**Prompt**.
Copy out the data below from the line containing "12日,中新网记者来到武安市" to the line containing "Satin white columns", both lines included, with all images left out.
>>>>>
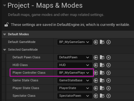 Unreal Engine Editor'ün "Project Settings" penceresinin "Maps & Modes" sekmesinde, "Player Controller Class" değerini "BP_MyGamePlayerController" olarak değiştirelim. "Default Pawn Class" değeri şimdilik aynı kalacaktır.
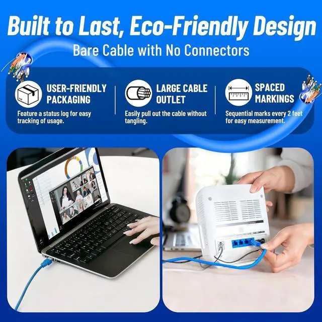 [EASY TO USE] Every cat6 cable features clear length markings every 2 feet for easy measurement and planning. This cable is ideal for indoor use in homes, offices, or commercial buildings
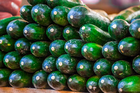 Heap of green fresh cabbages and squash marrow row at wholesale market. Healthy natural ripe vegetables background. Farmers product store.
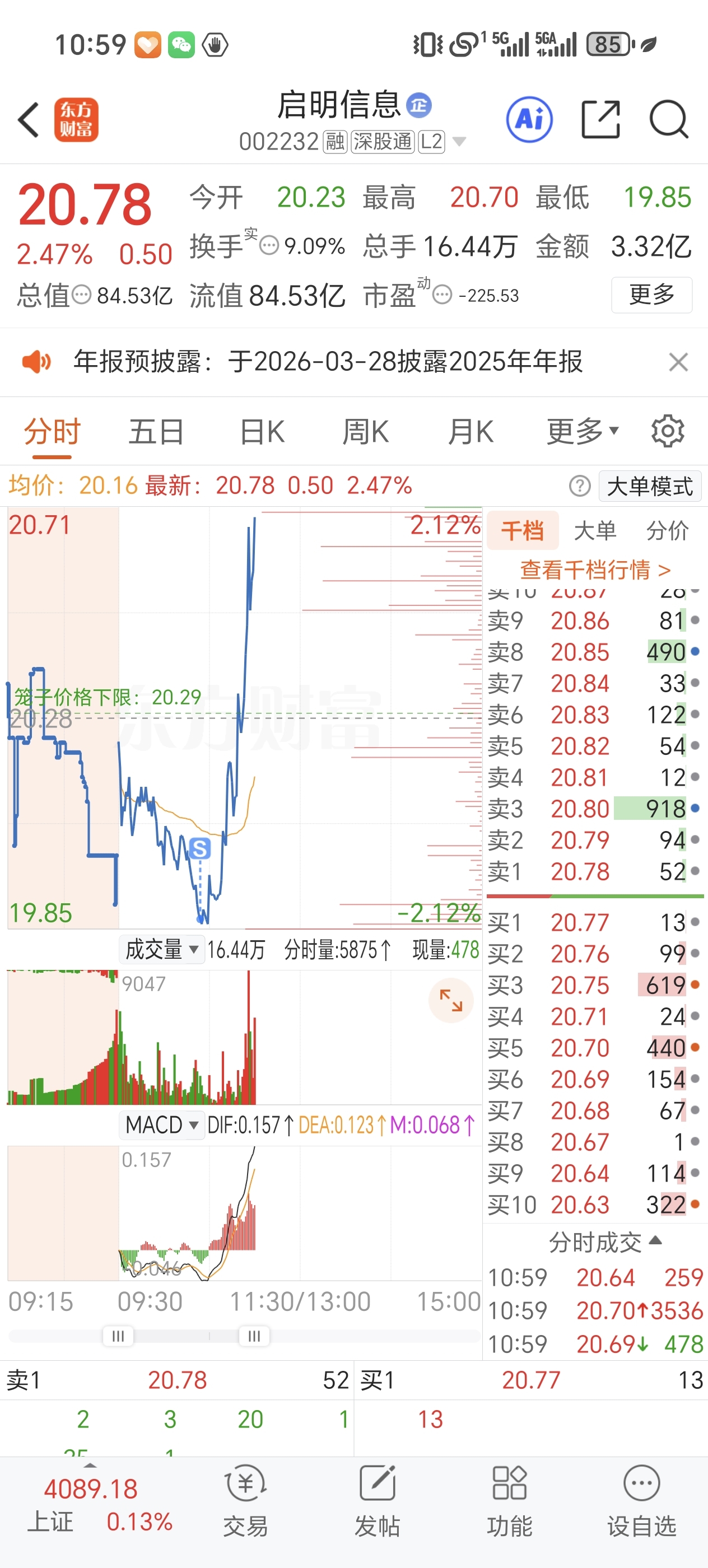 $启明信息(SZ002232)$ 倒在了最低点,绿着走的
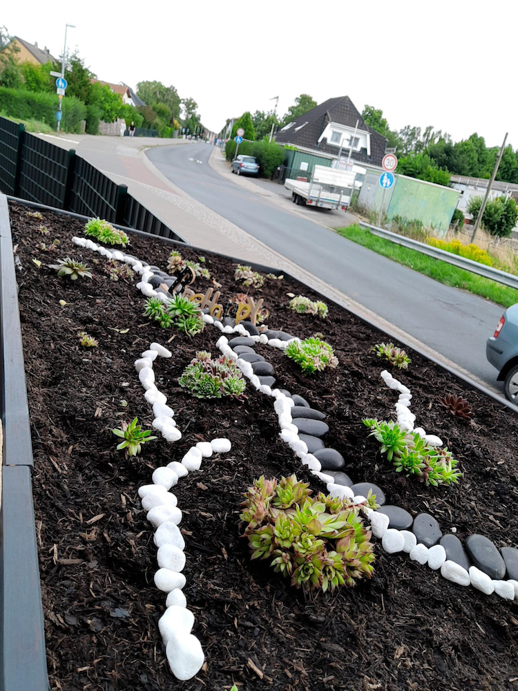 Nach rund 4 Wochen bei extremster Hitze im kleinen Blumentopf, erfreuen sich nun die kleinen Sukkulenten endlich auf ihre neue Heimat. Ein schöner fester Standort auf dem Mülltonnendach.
<<<<<
>>>>>
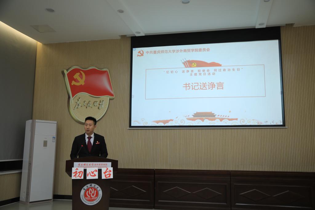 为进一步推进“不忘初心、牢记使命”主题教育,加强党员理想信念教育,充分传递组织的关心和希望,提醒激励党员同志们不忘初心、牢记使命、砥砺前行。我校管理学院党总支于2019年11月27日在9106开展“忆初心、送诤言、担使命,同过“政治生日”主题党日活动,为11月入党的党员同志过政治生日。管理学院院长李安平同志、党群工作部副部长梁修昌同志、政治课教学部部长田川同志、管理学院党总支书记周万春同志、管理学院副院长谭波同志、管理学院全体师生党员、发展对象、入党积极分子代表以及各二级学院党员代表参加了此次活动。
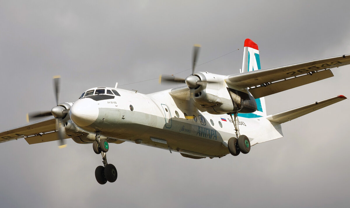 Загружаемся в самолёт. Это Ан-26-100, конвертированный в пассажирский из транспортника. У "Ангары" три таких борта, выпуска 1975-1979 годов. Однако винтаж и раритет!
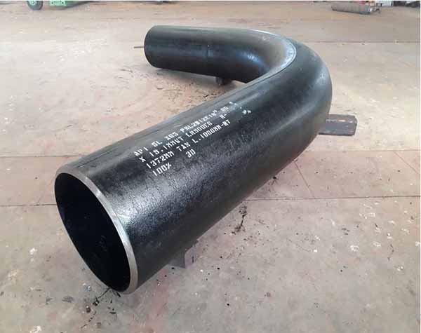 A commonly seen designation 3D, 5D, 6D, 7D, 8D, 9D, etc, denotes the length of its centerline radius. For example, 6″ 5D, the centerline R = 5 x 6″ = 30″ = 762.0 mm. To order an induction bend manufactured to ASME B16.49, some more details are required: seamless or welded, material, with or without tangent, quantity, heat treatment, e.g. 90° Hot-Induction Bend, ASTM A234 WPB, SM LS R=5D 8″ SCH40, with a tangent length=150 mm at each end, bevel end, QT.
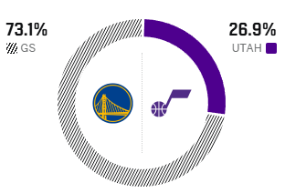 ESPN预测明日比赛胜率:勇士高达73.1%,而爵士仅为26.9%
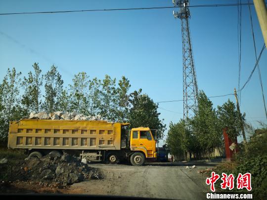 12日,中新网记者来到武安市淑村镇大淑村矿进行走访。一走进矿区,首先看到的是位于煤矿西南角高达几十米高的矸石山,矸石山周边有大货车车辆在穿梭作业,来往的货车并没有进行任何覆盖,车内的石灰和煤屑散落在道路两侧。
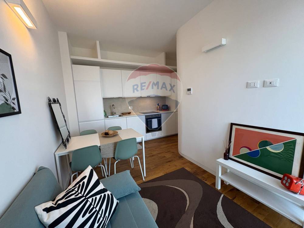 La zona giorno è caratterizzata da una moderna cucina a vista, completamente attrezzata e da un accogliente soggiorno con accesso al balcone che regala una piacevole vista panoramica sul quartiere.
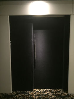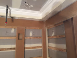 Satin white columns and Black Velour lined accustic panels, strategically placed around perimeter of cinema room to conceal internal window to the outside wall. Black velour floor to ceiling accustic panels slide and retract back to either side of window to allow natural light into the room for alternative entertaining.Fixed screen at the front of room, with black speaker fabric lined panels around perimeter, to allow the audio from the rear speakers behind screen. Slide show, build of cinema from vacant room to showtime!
<<<<<
**Response**.
 12日,中新网记者来到武安市淑村镇大淑村矿进行走访。一走进矿区,首先看到的是位于煤矿西南角高达几十米高的矸石山,矸石山周边有大货车车辆在穿梭作业,来往的货车并没有进行任何覆盖,车内的石灰和煤屑散落在道路两侧。
 La zona giorno è caratterizzata da una moderna cucina a vista, completamente attrezzata e da un accogliente soggiorno con accesso al balcone che regala una piacevole vista panoramica sul quartiere.
 Satin white columns and Black Velour lined accustic panels, strategically placed around perimeter of cinema room to conceal internal window to the outside wall. Black velour floor to ceiling accustic panels slide and retract back to either side of window to allow natural light into the room for alternative entertaining.Fixed screen at the front of room, with black speaker fabric lined panels around perimeter, to allow the audio from the rear speakers behind screen. Slide show, build of cinema from vacant room to showtime!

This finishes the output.